Жермена была старше нас всех. И больше всех хлебнула в жизни. Ей так досталось от людей, что она любила только животных. Родилась она в Алжире, в городе Боне. Еврейка, сирота, неимущая. В семнадцать лет ее продали сутенеру, который держал ее взаперти. Кромешный ужас: десятки клиентов выстраивались в очередь, боль, позор, унижения. Публичные дома в Алжире, потом парижская панель. Ад бульвара Барбес. Жуткая нищета. Во время восстания проституток в 1975 году Жермена встретилась с журналистами. Она была умная, бодрая, всегда в хорошем настроении. За свои сорок лет она выстрадала больше, чем мы все, вместе взятые. Пережитое придало ей сил и научило смотреть на вещи трезво. Нас она звала «ребятками». Ей хотелось выбраться из ямы, и редакция ей помогла. Она стала работать секретаршей на телефоне. По телефону подружилась с Симоной Синьоре и Ивом Монтаном, звонившими в редакцию чуть не каждый день поскандалить по поводу какой-нибудь статьи или заголовка. С Брижит Бардо она сошлась на почве любви к кошкам. Потом ей предложили печатать на машинке статьи, которые репортеры диктовали по телефону или писали от руки. И наконец она стала журналисткой – писала колонки о животных. И писательницей – опубликовала книгу о жизни уличной женщины в Алжире. Не знавшая родителей, она не могла понять, почему я пренебрегаю своими.
– Да ладно тебе! Посадишь его где-нибудь в уголке, и пусть делает что хочет!
Я не устоял перед ее смехом и алжирским выговором и уступил.
– Пойдем, я познакомлю тебя с тетей Фортюне!
Жермена никогда не говорила мне о своей тете, которая выступала истицей на процессе. Трое ее детей жили в Изьё, когда туда нагрянули Барби и его люди.
Отцу я сказал по телефону всё как есть. Никакого пропуска, никаких привилегий. Хочет присутствовать, пусть становится в очередь при входе, как все. Он попробовал возразить:
– Но я читал, что бывает какая-то оранжевая карточка. Такая штука, ее вешают на шею…
– Аккредитация для прессы?
– Да-да. С твоими связями ее легко достать?

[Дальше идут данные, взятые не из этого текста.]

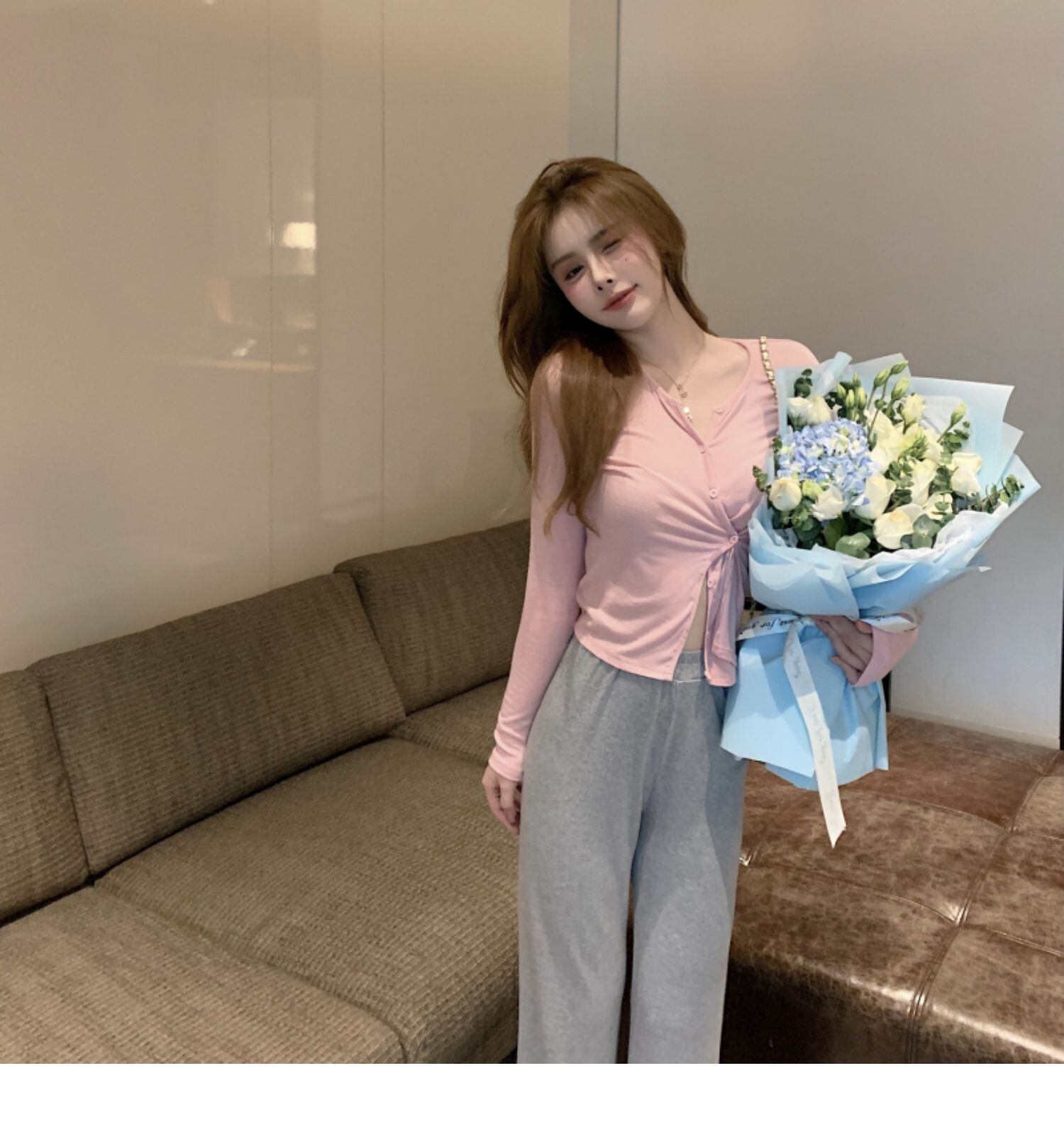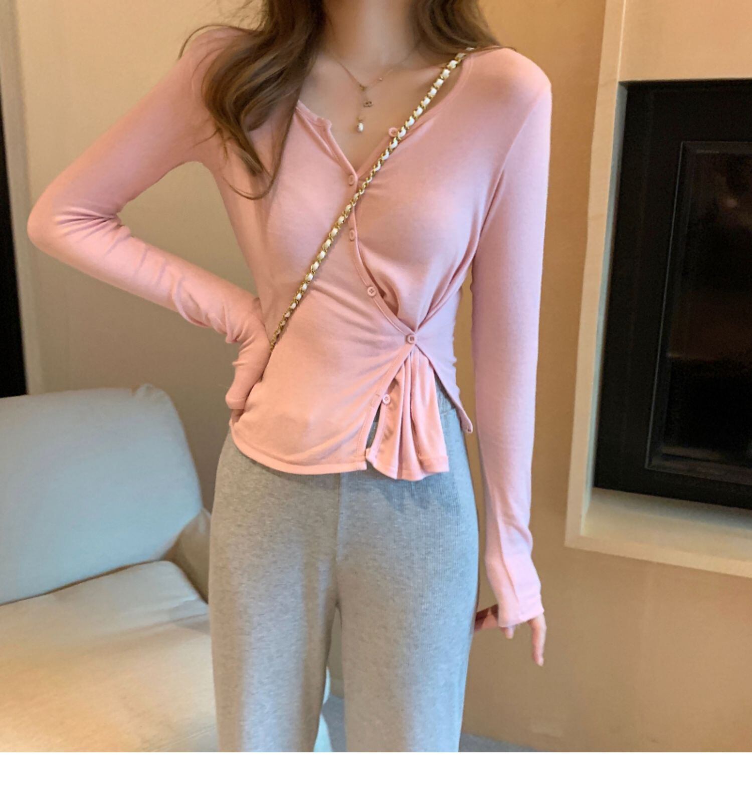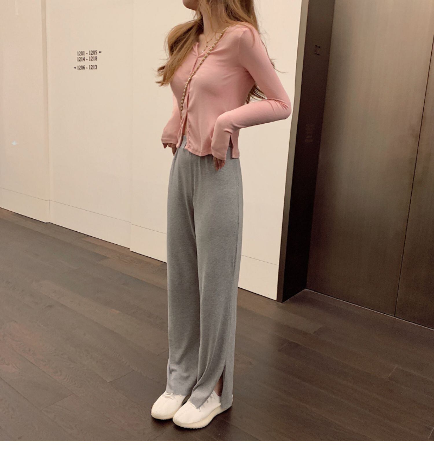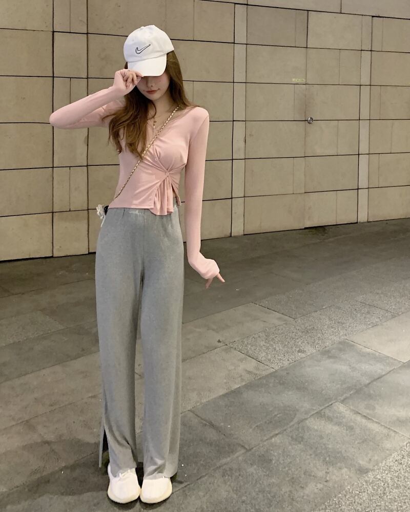色:ピンクの長袖カーディガン,グレーのズボン

Я объяснил ему, как работают судебные репортеры, сколько мест зарезервировано для них в зале и как трудно туда попасть. Он выслушал молча и недоверчиво.
Но несколько рядов за прессой отведено для публики, и надо приходить пораньше. Заседания будут проходить во второй половине дня. Процесс начнется в понедельник 11 мая. Пусть не забудет взять с собой паспорт, а портфель брать не стоит, – он повсюду таскал с собой этот канцелярский причиндал, чтобы прохожие думали, будто он идет на работу.
Отец два раза мне перезвонил. Первый раз – чтобы спросить, обязательно ли надевать галстук. Странный вопрос. Интересно, а 18 августа 1945 года на скамье подсудимых в Лилльском суде он был при галстуке?
Во второй раз он предложил мне пообедать вместе в первый день процесса, перед началом заседания. Я отказался. Соврал, что у меня телефонное совещание с редакцией – уточнение последних деталей. Мне не хотелось, чтобы он примазался ко мне и попытался пройти по моему оранжевому пропуску.
– Тогда встретимся там, внутри?
Вот правильно. Внутри.
– Но поговорить-то мы сможем?
После заседания? Пожалуйста. Если он хочет.
Я – не особенно.
После того как я нашел отцовские судебные документы, меня даже голос его раздражал. Каждое слово казалось лживым. Мы с ним не виделись два месяца, и я не знал, какой у него теперь взгляд. В марте я расстался с побежденным солдатом. А в мае снова встречусь с презренным вруном. У меня кулаки сжимались от злости. Но надо держать себя в руках. Судить будут не отца, а Клауса Барби. Надо сосредоточиться на стеклянном боксе подсудимого, а не на стуле в задних рядах. Я должен слышать только голоса жертв.